## Work task
Transcribe the whole listing without a single picture.

## Provided data
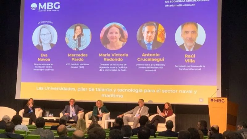 En la mesa redonda participaron Mercedes Pardo, CEO del Instituto Marítimo Español (IME), María Victoria Redondo, directora de la Escuela de Ingeniería Naval y Oceánica de la Universidad de Cádiz (UCA), Antonio Crucelaegui, director de la Escuela Técnica Superior de Ingenieros Navales de la Universidad Politécnica de Madrid (UPM), y Raúl Villa, profesor asociado de la Universidad de La Coruña (UDC).
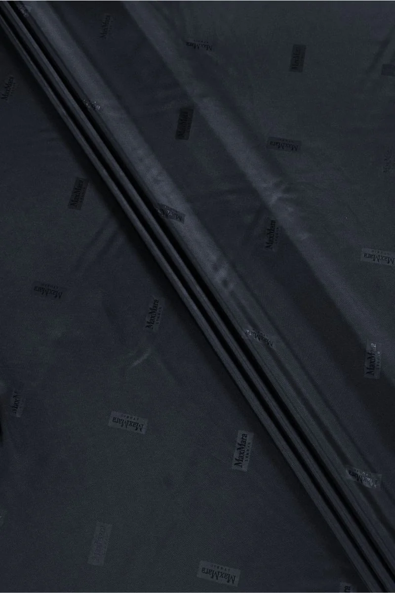 Italienisches Jacquardfutter aus 100% Viskose in sehr dunklem Marineblau (fast schwarz), signiert mit dem Namen des bekannten italienischen Modehauses. Das Futter ist unelastisch mit einer Köperbindung (Köperbindung) mit einem sehr edlen Glanz. Seine natürliche Zusammensetzung macht es ideal als Futter für eine Jacke oder einen Mantel. Ein fantastisches Angebot für Menschen, die Markenstoffe mögen.
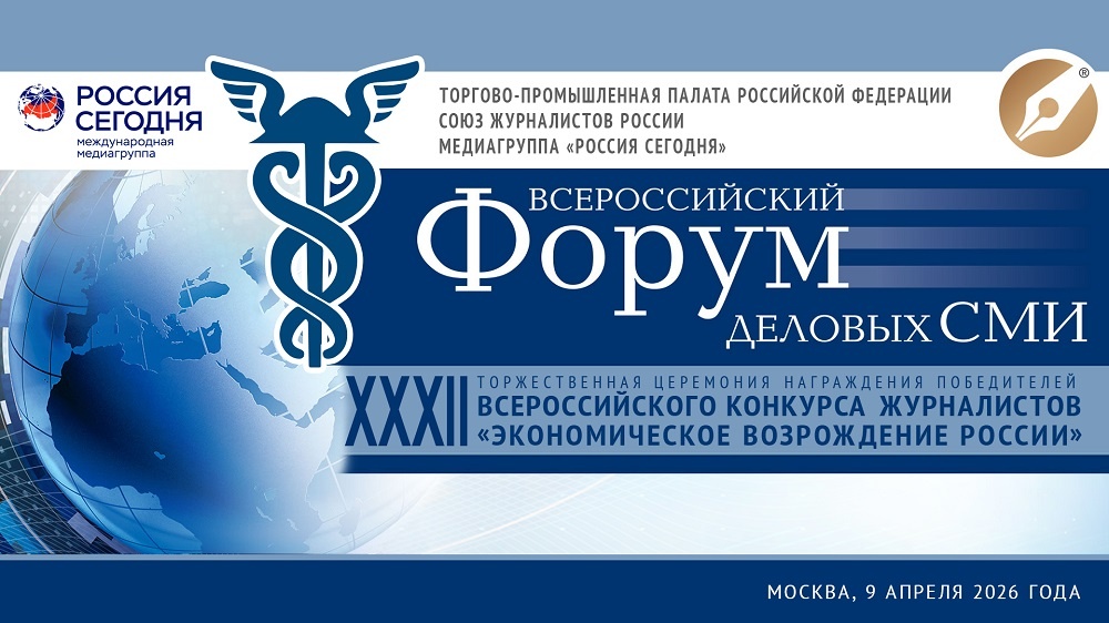 Торгово-промышленная палата РФ, Союз журналистов России и Медиагруппа «Россия сегодня» приглашают журналистов и руководителей СМИ принять участие в XVII Всероссийском форуме деловых СМИ. Форум пройдет 9 апреля 2026 года в Международном мультимедийном пресс-центре «Россия сегодня». На нем будут обсуждаться профессиональные задачи медиа, вопросы взаимодействия и консолидации представителей отрасли для решения актуальных отраслевых проблем, вызовы современным СМИ, алгоритмы, платформы и работа с большими данными, оценка эффективности экономического потенциала региональных медиа, искусственный интеллект и новые возможности для медиа и многие другие вопросы. В форуме примут участие президент ТПП РФ Сергей Катырин, председатель Союза журналистов России Владимир Соловьев, генеральный директор Медиагруппы «Россия сегодня» Дмитрий Киселев, председатель Комитета ТПП РФ по предпринимательству в сфере медиакоммуникаций, генеральный директор «СТП МЕДИА» Игорь Потоцкий, декан факультета журналисти
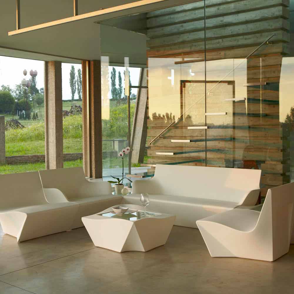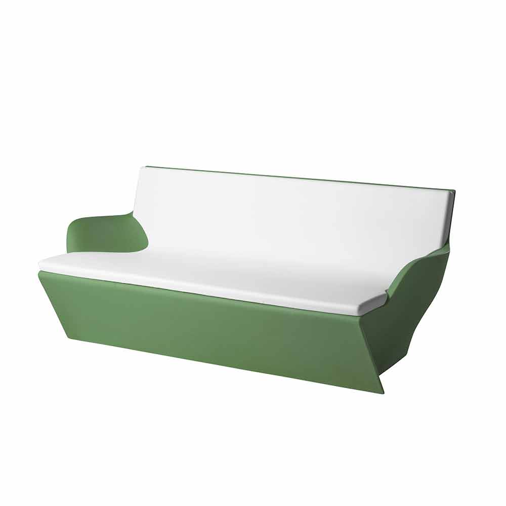 Kami Yon is a two-seater sofa with armrests with an abstract but essential design that recalls the traditional origami of Japanese art, thus presenting lines that refer to folds but giving shape to a piece of furniture with soft, original and elegant lines. Perfect for modern and contemporary furnishings both indoors and outdoors.

## Answer space
 En la mesa redonda participaron Mercedes Pardo, CEO del Instituto Marítimo Español (IME), María Victoria Redondo, directora de la Escuela de Ingeniería Naval y Oceánica de la Universidad de Cádiz (UCA), Antonio Crucelaegui, director de la Escuela Técnica Superior de Ingenieros Navales de la Universidad Politécnica de Madrid (UPM), y Raúl Villa, profesor asociado de la Universidad de La Coruña (UDC).
 Italienisches Jacquardfutter aus 100% Viskose in sehr dunklem Marineblau (fast schwarz), signiert mit dem Namen des bekannten italienischen Modehauses. Das Futter ist unelastisch mit einer Köperbindung (Köperbindung) mit einem sehr edlen Glanz. Seine natürliche Zusammensetzung macht es ideal als Futter für eine Jacke oder einen Mantel. Ein fantastisches Angebot für Menschen, die Markenstoffe mögen.
 Торгово-промышленная палата РФ, Союз журналистов России и Медиагруппа «Россия сегодня» приглашают журналистов и руководителей СМИ принять участие в XVII Всероссийском форуме деловых СМИ. Форум пройдет 9 апреля 2026 года в Международном мультимедийном пресс-центре «Россия сегодня». На нем будут обсуждаться профессиональные задачи медиа, вопросы взаимодействия и консолидации представителей отрасли для решения актуальных отраслевых проблем, вызовы современным СМИ, алгоритмы, платформы и работа с большими данными, оценка эффективности экономического потенциала региональных медиа, искусственный интеллект и новые возможности для медиа и многие другие вопросы. В форуме примут участие президент ТПП РФ Сергей Катырин, председатель Союза журналистов России Владимир Соловьев, генеральный директор Медиагруппы «Россия сегодня» Дмитрий Киселев, председатель Комитета ТПП РФ по предпринимательству в сфере медиакоммуникаций, генеральный директор «СТП МЕДИА» Игорь Потоцкий, декан факультета журналисти
 Kami Yon is a two-seater sofa with armrests with an abstract but essential design that recalls the traditional origami of Japanese art, thus presenting lines that refer to folds but giving shape to a piece of furniture with soft, original and elegant lines. Perfect for modern and contemporary furnishings both indoors and outdoors.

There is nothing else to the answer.